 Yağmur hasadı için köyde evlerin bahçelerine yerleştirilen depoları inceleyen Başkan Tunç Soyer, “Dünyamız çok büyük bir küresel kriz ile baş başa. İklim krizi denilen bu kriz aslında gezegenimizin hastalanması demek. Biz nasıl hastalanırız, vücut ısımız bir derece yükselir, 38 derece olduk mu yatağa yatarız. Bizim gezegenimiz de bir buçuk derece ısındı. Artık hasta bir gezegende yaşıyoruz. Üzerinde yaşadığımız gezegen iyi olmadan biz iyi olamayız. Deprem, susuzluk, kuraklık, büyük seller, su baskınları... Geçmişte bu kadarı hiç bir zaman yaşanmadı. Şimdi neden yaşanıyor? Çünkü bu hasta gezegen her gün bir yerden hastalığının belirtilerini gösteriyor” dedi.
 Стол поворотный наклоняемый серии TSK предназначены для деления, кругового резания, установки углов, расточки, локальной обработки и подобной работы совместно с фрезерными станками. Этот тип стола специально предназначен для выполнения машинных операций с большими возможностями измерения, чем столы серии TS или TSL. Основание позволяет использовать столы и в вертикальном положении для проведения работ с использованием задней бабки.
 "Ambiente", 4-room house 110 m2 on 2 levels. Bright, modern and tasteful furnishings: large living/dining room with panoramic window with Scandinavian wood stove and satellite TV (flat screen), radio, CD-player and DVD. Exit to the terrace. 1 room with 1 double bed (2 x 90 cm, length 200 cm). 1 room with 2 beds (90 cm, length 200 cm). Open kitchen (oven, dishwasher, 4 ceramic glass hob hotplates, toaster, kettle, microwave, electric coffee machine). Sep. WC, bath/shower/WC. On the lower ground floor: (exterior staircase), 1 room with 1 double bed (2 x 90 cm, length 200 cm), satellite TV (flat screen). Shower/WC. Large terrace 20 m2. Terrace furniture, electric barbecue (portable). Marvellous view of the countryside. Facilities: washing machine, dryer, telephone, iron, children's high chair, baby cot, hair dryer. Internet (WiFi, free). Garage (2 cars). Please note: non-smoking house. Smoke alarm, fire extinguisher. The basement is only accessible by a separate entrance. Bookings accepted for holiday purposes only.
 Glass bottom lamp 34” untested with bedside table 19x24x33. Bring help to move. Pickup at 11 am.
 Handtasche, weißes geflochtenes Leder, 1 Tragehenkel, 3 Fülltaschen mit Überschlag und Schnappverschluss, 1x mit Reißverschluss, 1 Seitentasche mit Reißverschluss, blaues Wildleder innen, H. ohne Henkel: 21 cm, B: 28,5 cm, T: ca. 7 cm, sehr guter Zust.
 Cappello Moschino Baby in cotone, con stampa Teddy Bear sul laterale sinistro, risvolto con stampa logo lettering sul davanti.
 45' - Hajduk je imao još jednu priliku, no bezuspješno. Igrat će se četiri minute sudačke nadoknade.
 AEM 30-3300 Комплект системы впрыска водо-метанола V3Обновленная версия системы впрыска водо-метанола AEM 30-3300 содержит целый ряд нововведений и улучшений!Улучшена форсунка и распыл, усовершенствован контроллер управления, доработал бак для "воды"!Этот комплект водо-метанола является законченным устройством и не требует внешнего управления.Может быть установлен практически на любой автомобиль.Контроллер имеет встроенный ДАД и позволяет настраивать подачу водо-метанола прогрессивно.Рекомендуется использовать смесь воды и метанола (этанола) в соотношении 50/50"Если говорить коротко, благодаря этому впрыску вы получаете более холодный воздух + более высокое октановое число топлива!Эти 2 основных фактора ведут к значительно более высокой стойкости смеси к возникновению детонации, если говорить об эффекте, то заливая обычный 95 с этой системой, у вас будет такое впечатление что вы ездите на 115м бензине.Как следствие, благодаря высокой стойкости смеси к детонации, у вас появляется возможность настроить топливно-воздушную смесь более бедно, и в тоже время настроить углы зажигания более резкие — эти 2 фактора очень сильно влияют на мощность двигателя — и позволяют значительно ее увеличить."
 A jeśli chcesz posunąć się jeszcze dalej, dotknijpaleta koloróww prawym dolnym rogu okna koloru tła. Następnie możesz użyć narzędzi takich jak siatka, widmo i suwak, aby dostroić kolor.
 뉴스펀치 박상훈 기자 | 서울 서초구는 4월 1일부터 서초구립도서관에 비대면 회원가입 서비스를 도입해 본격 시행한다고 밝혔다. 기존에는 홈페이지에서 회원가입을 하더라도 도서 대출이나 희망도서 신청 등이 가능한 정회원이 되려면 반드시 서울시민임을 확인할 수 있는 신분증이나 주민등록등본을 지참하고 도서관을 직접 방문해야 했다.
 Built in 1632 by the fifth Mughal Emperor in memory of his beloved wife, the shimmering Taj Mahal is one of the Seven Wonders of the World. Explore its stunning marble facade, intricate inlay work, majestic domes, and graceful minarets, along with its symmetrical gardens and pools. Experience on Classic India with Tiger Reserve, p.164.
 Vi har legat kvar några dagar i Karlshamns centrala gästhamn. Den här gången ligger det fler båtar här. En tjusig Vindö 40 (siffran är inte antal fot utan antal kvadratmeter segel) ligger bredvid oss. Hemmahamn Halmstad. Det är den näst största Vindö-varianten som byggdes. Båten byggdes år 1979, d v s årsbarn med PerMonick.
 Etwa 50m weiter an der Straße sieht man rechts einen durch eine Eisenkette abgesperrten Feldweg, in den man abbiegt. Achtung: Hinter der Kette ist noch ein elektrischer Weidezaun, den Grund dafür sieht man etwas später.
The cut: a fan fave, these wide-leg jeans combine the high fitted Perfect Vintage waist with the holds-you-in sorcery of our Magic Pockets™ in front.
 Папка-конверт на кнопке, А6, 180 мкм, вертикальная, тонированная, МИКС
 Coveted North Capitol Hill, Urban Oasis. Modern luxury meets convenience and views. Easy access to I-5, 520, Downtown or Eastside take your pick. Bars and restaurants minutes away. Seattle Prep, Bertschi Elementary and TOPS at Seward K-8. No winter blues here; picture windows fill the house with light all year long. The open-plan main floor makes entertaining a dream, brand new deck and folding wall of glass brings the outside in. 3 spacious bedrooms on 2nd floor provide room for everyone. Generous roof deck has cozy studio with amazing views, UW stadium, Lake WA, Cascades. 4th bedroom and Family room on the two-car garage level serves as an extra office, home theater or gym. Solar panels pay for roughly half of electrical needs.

===

*DIRECTIONS FOR THIS TASK*
All the data is to be copied over exactly as it stands.

*YOUR RESPONSE*
 Yağmur hasadı için köyde evlerin bahçelerine yerleştirilen depoları inceleyen Başkan Tunç Soyer, “Dünyamız çok büyük bir küresel kriz ile baş başa. İklim krizi denilen bu kriz aslında gezegenimizin hastalanması demek. Biz nasıl hastalanırız, vücut ısımız bir derece yükselir, 38 derece olduk mu yatağa yatarız. Bizim gezegenimiz de bir buçuk derece ısındı. Artık hasta bir gezegende yaşıyoruz. Üzerinde yaşadığımız gezegen iyi olmadan biz iyi olamayız. Deprem, susuzluk, kuraklık, büyük seller, su baskınları... Geçmişte bu kadarı hiç bir zaman yaşanmadı. Şimdi neden yaşanıyor? Çünkü bu hasta gezegen her gün bir yerden hastalığının belirtilerini gösteriyor” dedi.
 Стол поворотный наклоняемый серии TSK предназначены для деления, кругового резания, установки углов, расточки, локальной обработки и подобной работы совместно с фрезерными станками. Этот тип стола специально предназначен для выполнения машинных операций с большими возможностями измерения, чем столы серии TS или TSL. Основание позволяет использовать столы и в вертикальном положении для проведения работ с использованием задней бабки.
 "Ambiente", 4-room house 110 m2 on 2 levels. Bright, modern and tasteful furnishings: large living/dining room with panoramic window with Scandinavian wood stove and satellite TV (flat screen), radio, CD-player and DVD. Exit to the terrace. 1 room with 1 double bed (2 x 90 cm, length 200 cm). 1 room with 2 beds (90 cm, length 200 cm). Open kitchen (oven, dishwasher, 4 ceramic glass hob hotplates, toaster, kettle, microwave, electric coffee machine). Sep. WC, bath/shower/WC. On the lower ground floor: (exterior staircase), 1 room with 1 double bed (2 x 90 cm, length 200 cm), satellite TV (flat screen). Shower/WC. Large terrace 20 m2. Terrace furniture, electric barbecue (portable). Marvellous view of the countryside. Facilities: washing machine, dryer, telephone, iron, children's high chair, baby cot, hair dryer. Internet (WiFi, free). Garage (2 cars). Please note: non-smoking house. Smoke alarm, fire extinguisher. The basement is only accessible by a separate entrance. Bookings accepted for holiday purposes only.
 Glass bottom lamp 34” untested with bedside table 19x24x33. Bring help to move. Pickup at 11 am.
 Handtasche, weißes geflochtenes Leder, 1 Tragehenkel, 3 Fülltaschen mit Überschlag und Schnappverschluss, 1x mit Reißverschluss, 1 Seitentasche mit Reißverschluss, blaues Wildleder innen, H. ohne Henkel: 21 cm, B: 28,5 cm, T: ca. 7 cm, sehr guter Zust.
 Cappello Moschino Baby in cotone, con stampa Teddy Bear sul laterale sinistro, risvolto con stampa logo lettering sul davanti.
 45' - Hajduk je imao još jednu priliku, no bezuspješno. Igrat će se četiri minute sudačke nadoknade.
 AEM 30-3300 Комплект системы впрыска водо-метанола V3Обновленная версия системы впрыска водо-метанола AEM 30-3300 содержит целый ряд нововведений и улучшений!Улучшена форсунка и распыл, усовершенствован контроллер управления, доработал бак для "воды"!Этот комплект водо-метанола является законченным устройством и не требует внешнего управления.Может быть установлен практически на любой автомобиль.Контроллер имеет встроенный ДАД и позволяет настраивать подачу водо-метанола прогрессивно.Рекомендуется использовать смесь воды и метанола (этанола) в соотношении 50/50"Если говорить коротко, благодаря этому впрыску вы получаете более холодный воздух + более высокое октановое число топлива!Эти 2 основных фактора ведут к значительно более высокой стойкости смеси к возникновению детонации, если говорить об эффекте, то заливая обычный 95 с этой системой, у вас будет такое впечатление что вы ездите на 115м бензине.Как следствие, благодаря высокой стойкости смеси к детонации, у вас появляется возможность настроить топливно-воздушную смесь более бедно, и в тоже время настроить углы зажигания более резкие — эти 2 фактора очень сильно влияют на мощность двигателя — и позволяют значительно ее увеличить."
 A jeśli chcesz posunąć się jeszcze dalej, dotknijpaleta koloróww prawym dolnym rogu okna koloru tła. Następnie możesz użyć narzędzi takich jak siatka, widmo i suwak, aby dostroić kolor.
 뉴스펀치 박상훈 기자 | 서울 서초구는 4월 1일부터 서초구립도서관에 비대면 회원가입 서비스를 도입해 본격 시행한다고 밝혔다. 기존에는 홈페이지에서 회원가입을 하더라도 도서 대출이나 희망도서 신청 등이 가능한 정회원이 되려면 반드시 서울시민임을 확인할 수 있는 신분증이나 주민등록등본을 지참하고 도서관을 직접 방문해야 했다.
 Built in 1632 by the fifth Mughal Emperor in memory of his beloved wife, the shimmering Taj Mahal is one of the Seven Wonders of the World. Explore its stunning marble facade, intricate inlay work, majestic domes, and graceful minarets, along with its symmetrical gardens and pools. Experience on Classic India with Tiger Reserve, p.164.
 Vi har legat kvar några dagar i Karlshamns centrala gästhamn. Den här gången ligger det fler båtar här. En tjusig Vindö 40 (siffran är inte antal fot utan antal kvadratmeter segel) ligger bredvid oss. Hemmahamn Halmstad. Det är den näst största Vindö-varianten som byggdes. Båten byggdes år 1979, d v s årsbarn med PerMonick.
 Etwa 50m weiter an der Straße sieht man rechts einen durch eine Eisenkette abgesperrten Feldweg, in den man abbiegt. Achtung: Hinter der Kette ist noch ein elektrischer Weidezaun, den Grund dafür sieht man etwas später.
The cut: a fan fave, these wide-leg jeans combine the high fitted Perfect Vintage waist with the holds-you-in sorcery of our Magic Pockets™ in front.
 Папка-конверт на кнопке, А6, 180 мкм, вертикальная, тонированная, МИКС
 Coveted North Capitol Hill, Urban Oasis. Modern luxury meets convenience and views. Easy access to I-5, 520, Downtown or Eastside take your pick. Bars and restaurants minutes away. Seattle Prep, Bertschi Elementary and TOPS at Seward K-8. No winter blues here; picture windows fill the house with light all year long. The open-plan main floor makes entertaining a dream, brand new deck and folding wall of glass brings the outside in. 3 spacious bedrooms on 2nd floor provide room for everyone. Generous roof deck has cozy studio with amazing views, UW stadium, Lake WA, Cascades. 4th bedroom and Family room on the two-car garage level serves as an extra office, home theater or gym. Solar panels pay for roughly half of electrical needs.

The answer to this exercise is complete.